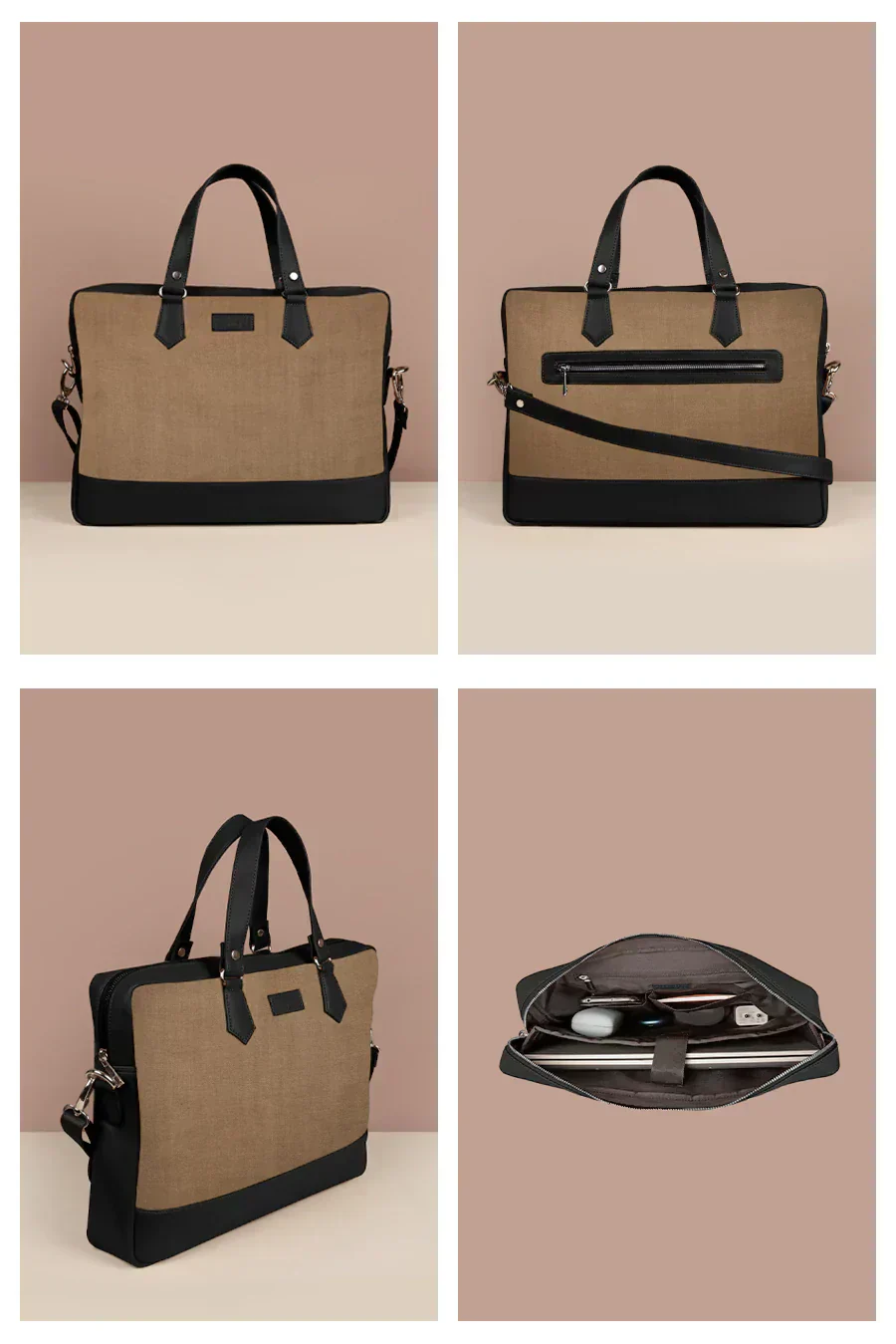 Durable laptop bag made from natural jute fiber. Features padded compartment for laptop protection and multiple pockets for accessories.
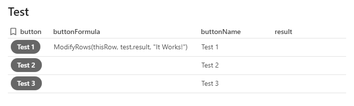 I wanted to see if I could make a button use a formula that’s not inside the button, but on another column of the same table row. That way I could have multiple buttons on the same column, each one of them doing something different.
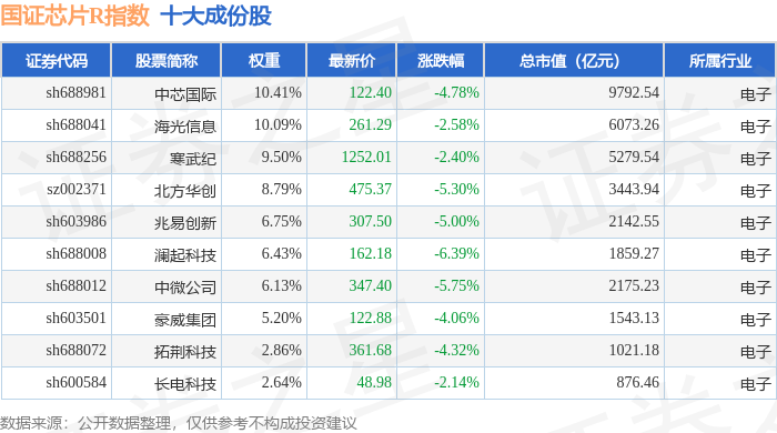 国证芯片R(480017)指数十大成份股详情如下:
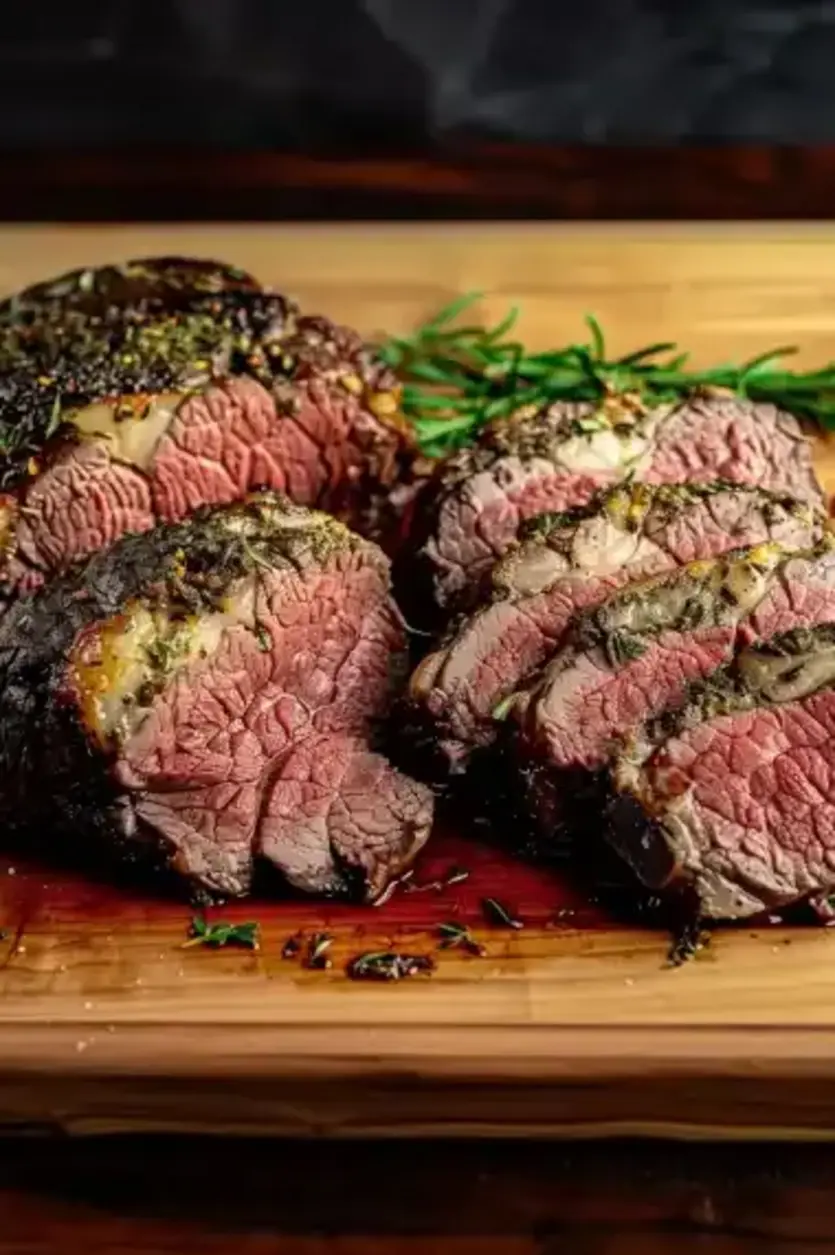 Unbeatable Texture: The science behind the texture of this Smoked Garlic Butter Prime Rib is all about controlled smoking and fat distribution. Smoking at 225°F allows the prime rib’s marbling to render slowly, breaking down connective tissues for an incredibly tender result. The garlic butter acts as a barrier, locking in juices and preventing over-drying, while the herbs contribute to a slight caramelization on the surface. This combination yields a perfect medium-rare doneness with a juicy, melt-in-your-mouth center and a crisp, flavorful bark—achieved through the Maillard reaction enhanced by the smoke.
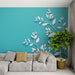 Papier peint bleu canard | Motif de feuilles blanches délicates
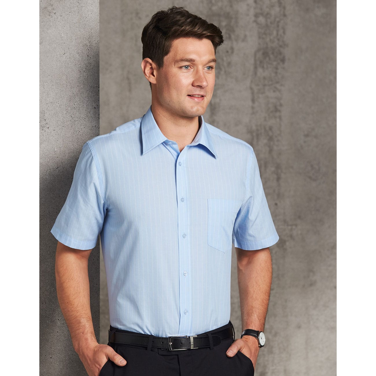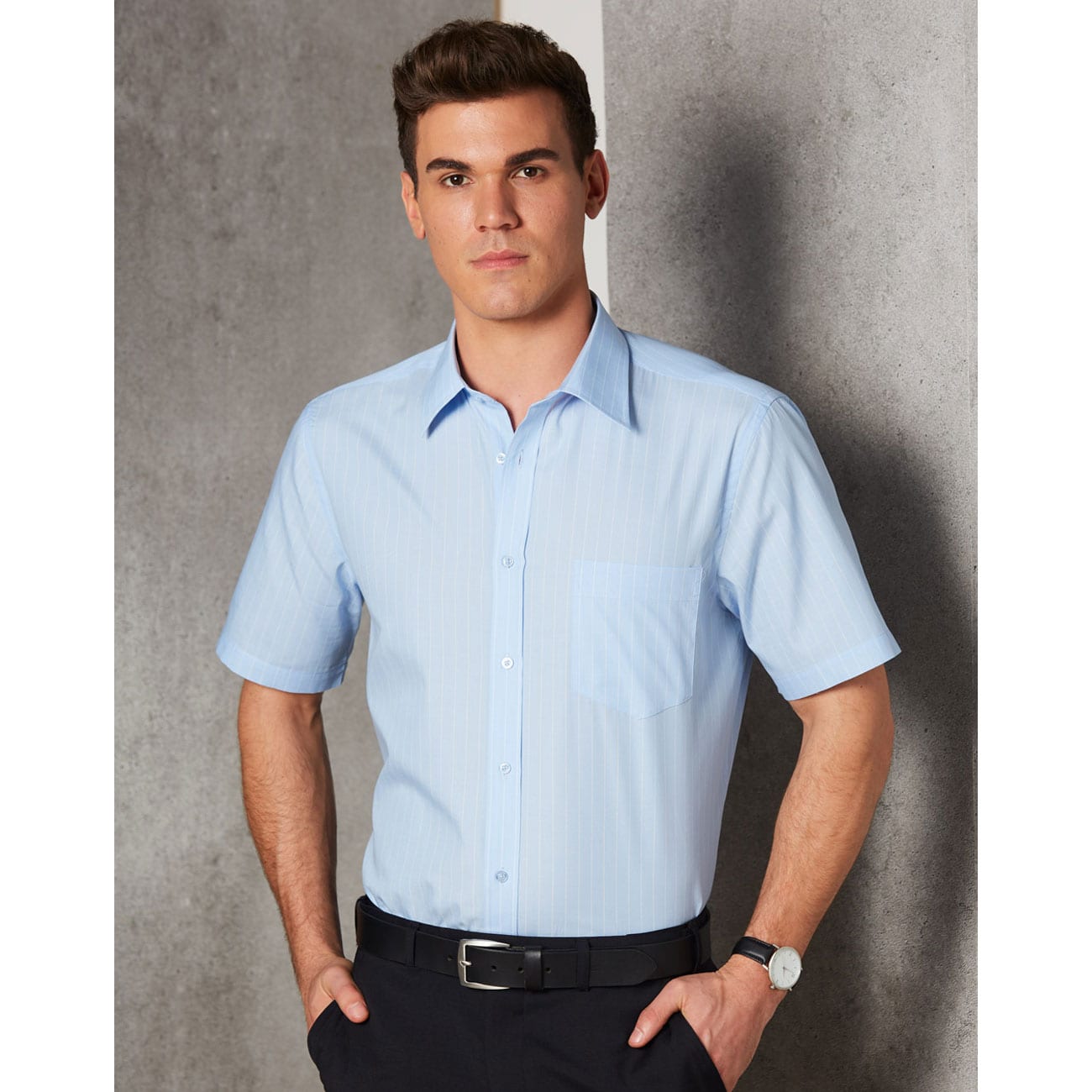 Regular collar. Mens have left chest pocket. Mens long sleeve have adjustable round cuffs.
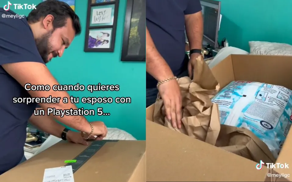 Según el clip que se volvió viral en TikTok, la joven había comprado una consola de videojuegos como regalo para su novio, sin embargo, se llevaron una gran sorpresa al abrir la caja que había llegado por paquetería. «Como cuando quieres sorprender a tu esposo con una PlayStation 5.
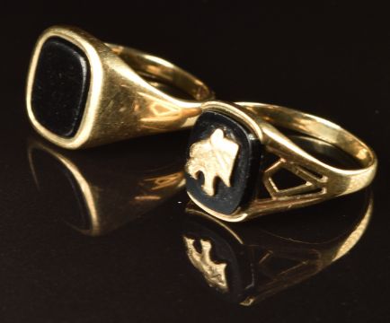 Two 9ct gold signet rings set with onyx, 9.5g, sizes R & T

* _EXERCISE_
Without including any image, reproduce the full listing above as written.

* _ANSWER TO THIS TASK_
 Durable laptop bag made from natural jute fiber. Features padded compartment for laptop protection and multiple pockets for accessories.
 I wanted to see if I could make a button use a formula that’s not inside the button, but on another column of the same table row. That way I could have multiple buttons on the same column, each one of them doing something different.
 国证芯片R(480017)指数十大成份股详情如下:
 Unbeatable Texture: The science behind the texture of this Smoked Garlic Butter Prime Rib is all about controlled smoking and fat distribution. Smoking at 225°F allows the prime rib’s marbling to render slowly, breaking down connective tissues for an incredibly tender result. The garlic butter acts as a barrier, locking in juices and preventing over-drying, while the herbs contribute to a slight caramelization on the surface. This combination yields a perfect medium-rare doneness with a juicy, melt-in-your-mouth center and a crisp, flavorful bark—achieved through the Maillard reaction enhanced by the smoke.
 Papier peint bleu canard | Motif de feuilles blanches délicates
 Regular collar. Mens have left chest pocket. Mens long sleeve have adjustable round cuffs.
 Según el clip que se volvió viral en TikTok, la joven había comprado una consola de videojuegos como regalo para su novio, sin embargo, se llevaron una gran sorpresa al abrir la caja que había llegado por paquetería. «Como cuando quieres sorprender a tu esposo con una PlayStation 5.
 Two 9ct gold signet rings set with onyx, 9.5g, sizes R & T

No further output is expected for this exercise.